__Task to complete__. Print nothing but the lines from the start of the listing below through the line that contains "表2-1 1927—1949年改编自音乐剧的好莱坞歌舞片片目对照表". Do not include the pictures.

__Data for the task__.
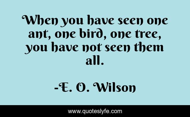 This page presents the quote "When you have seen one ant, one bird, one tree, you have not seen them all.". Author of this quote is E. O. Wilson. This quote is about tree, bird,.
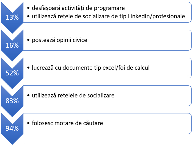 În timp ce accesul la internet a devenit aproape un bun universal (fără a fi încă gratuit), modul în care beneficiem de oportunitățile oferite de acesta este însă foarte diferit. Astfel, descoperim cu îngrijorare că 44% din toți cetățenii UE nu au competențe digitale de bază (peste 70% în România!). Și dacă totuși vă gândiți că problemele sunt cu populația mai învârstă și nu cu tinerii, iată câteva date despre cum cei din urmă (până în 30 de ani) folosesc internetul și calculatorul:
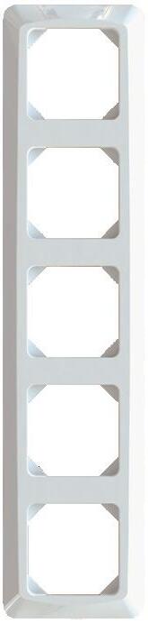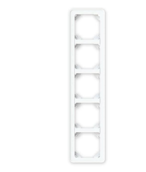 5-way combination frame fitting three standard sized sockets/ switches and two RS16-sized. Suitable for recessed installation or with matching wall casings.
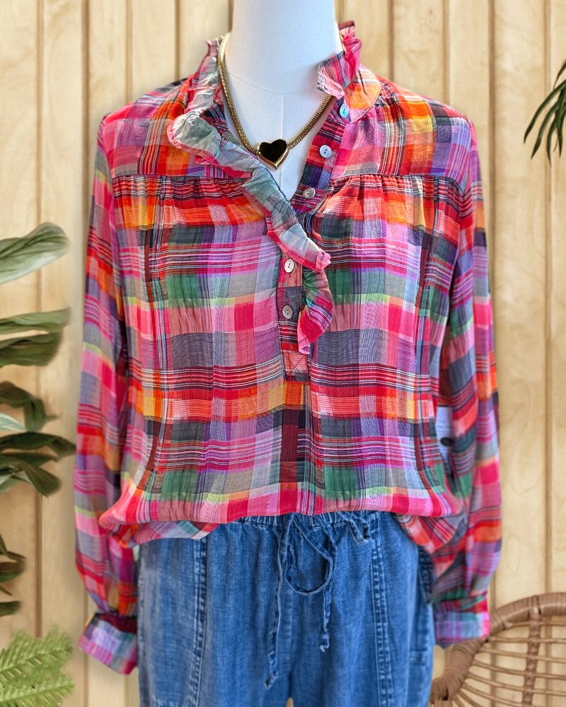 Casual multicolor plaid blouse with ruffle trim, perfect for everyday wear.
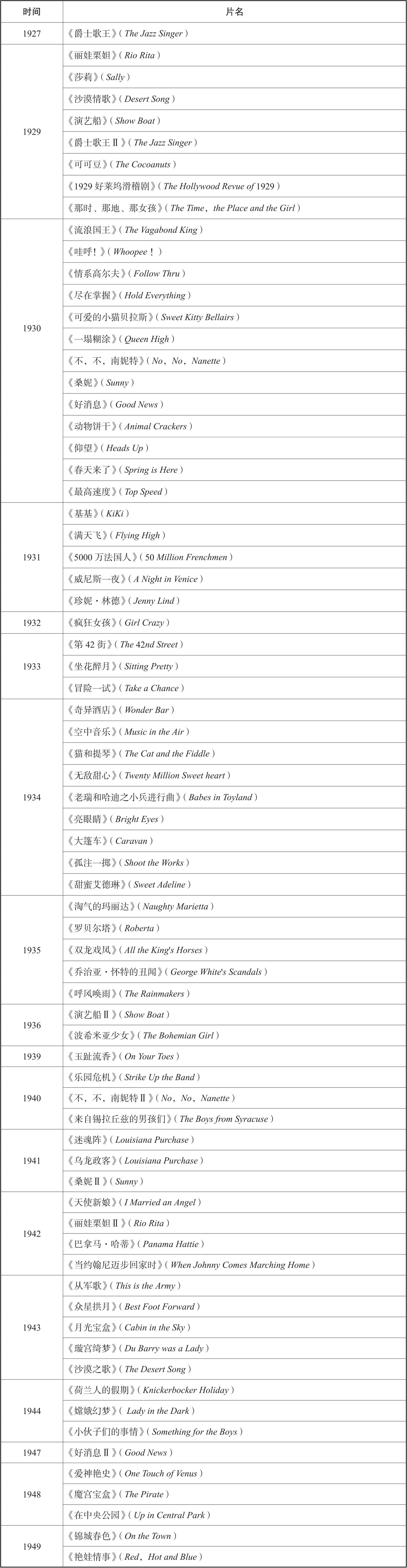 表2-1 1927—1949年改编自音乐剧的好莱坞歌舞片片目对照表
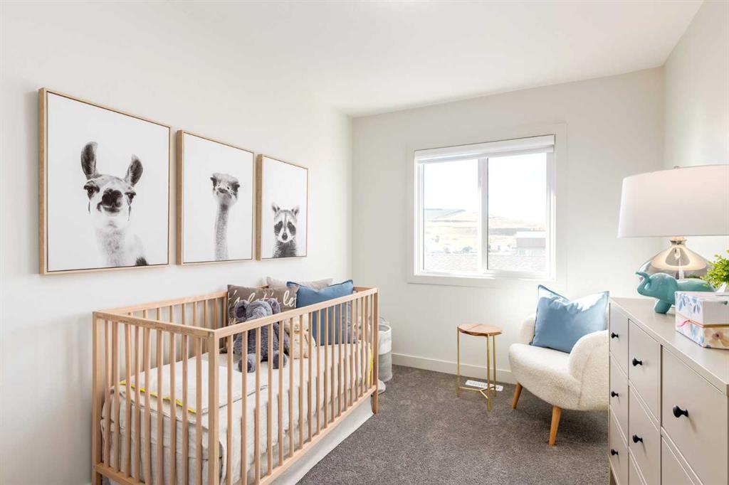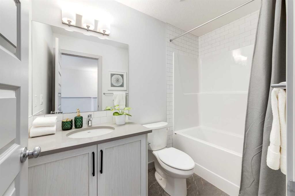 Immediate Possession! Built by Calgary and area builder Alliston at Home, this standout 3- bedroom, 2.5-bath beauty sits in the heart of Crossfield’s sought-after Iron Landing community—just steps from Veterans Peace Park and within walking distance to Crossfield Elementary and W.G. Murdoch Schools. Welcome to your next home—a beautifully designed space where comfort meets style! Step inside and be wowed by the bright, open layout. The living room is full of natural light thanks to large windows and a stunning open-to-above feature. Sleek upgraded railings and durable vinyl plank flooring give the space a fresh, modern vibe that’s easy to maintain. The kitchen is a showstopper—complete with stainless steel Whirlpool appliances, quartz countertops, an integrated kitchen island, and plenty of modern charcoal cabinetry. Whether you’re cooking for the family or entertaining friends, this space is as functional as it is beautiful. The connected dining area flows right out to a large backyard—perfect for summer BBQs and outdoor hangs. Upstairs, you’ll find three bedrooms and a versatile bonus room—ideal for a playroom, office, or chill zone. The spacious primary suite features a walk-in closet and a luxe ensuite with dual sinks, quartz counters, and a three-wall tiled walk-in shower. Two additional bedrooms share a stylish 3-piece bathroom—great for growing families or hosting guests. The unfinished basement is full of potential, with a side entrance, rough-ins for a bathroom, wet bar, and secondary laundry—ideal for a future legal suite (pending town approval). Enjoy sunny days in your south-facing backyard or get your hands dirty in the garden. The front yard landscaping comes with a tree from the developer—just one more thoughtful detail that makes this house special and ready to call home. With a double attached garage for all your parking and storage needs, this home truly has it all. It’s the perfect blend of space, style, and suburban serenity—just ten minutes outside the city. Photos are representative.
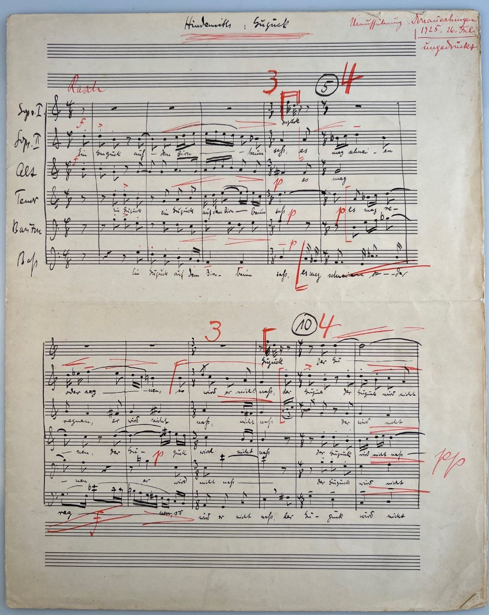 The a cappella composition "Guguck" was premiered in Donaueschingen on 6/26/1925 by Hugo Holle, the leader of the Stuttgart Madrigal Association. The present copy, made by Hugo Holle, represents his working copy for the premiere, since it is marked with his additional interpretative entries in red and on the upper right corner of the first page of the manuscript is also noted by him in red: "Premiere: Donaueschingen 1925. July 26. unprinted". The "Guguck" is the 7th song from the collection "Lieder nach alten Texten," op. 33, composed by Hindemith in 1923.
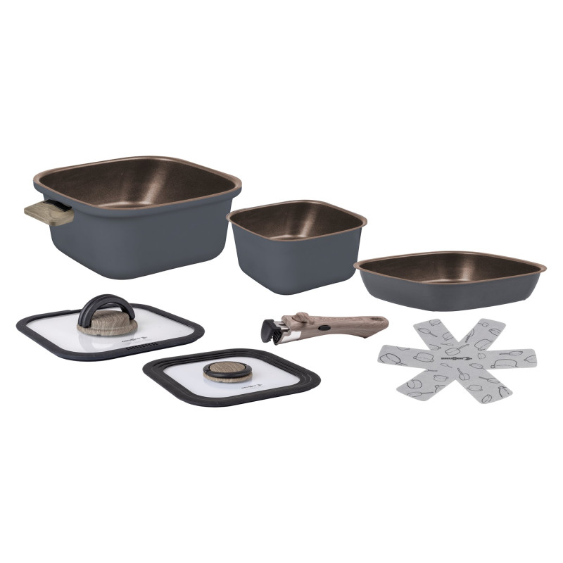 Idealne do małych kuchni, kamperów lub łodzi. Kwadratowe, trwałe i możliwe do układania w stosy, z odłączanymi uchwytami. Wykonane z aluminium pochodzącego z recyklingu. W zestawie szklane pokrywki. Nadają się do kuchenek indukcyjnych.
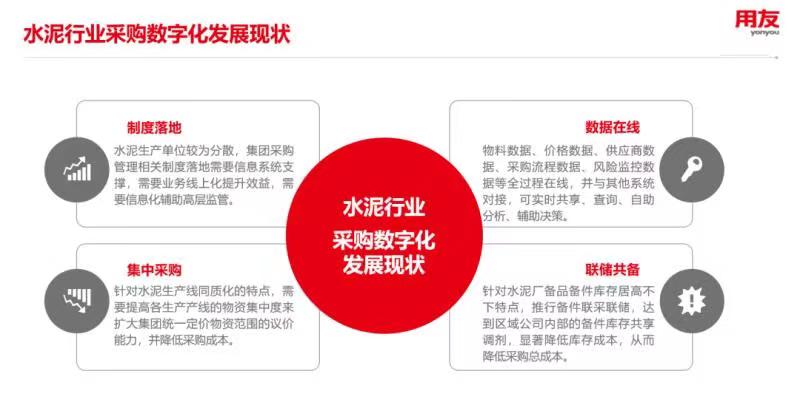 用友以企業(yè)采購數(shù)智化變革研究為基礎,針對水泥行業(yè)進行專項分析,發(fā)布用友BIP水泥行業(yè)采購及供應鏈解決方案。

__Answer box__.
 This page presents the quote "When you have seen one ant, one bird, one tree, you have not seen them all.". Author of this quote is E. O. Wilson. This quote is about tree, bird,.
 În timp ce accesul la internet a devenit aproape un bun universal (fără a fi încă gratuit), modul în care beneficiem de oportunitățile oferite de acesta este însă foarte diferit. Astfel, descoperim cu îngrijorare că 44% din toți cetățenii UE nu au competențe digitale de bază (peste 70% în România!). Și dacă totuși vă gândiți că problemele sunt cu populația mai învârstă și nu cu tinerii, iată câteva date despre cum cei din urmă (până în 30 de ani) folosesc internetul și calculatorul:
 5-way combination frame fitting three standard sized sockets/ switches and two RS16-sized. Suitable for recessed installation or with matching wall casings.
 Casual multicolor plaid blouse with ruffle trim, perfect for everyday wear.
 表2-1 1927—1949年改编自音乐剧的好莱坞歌舞片片目对照表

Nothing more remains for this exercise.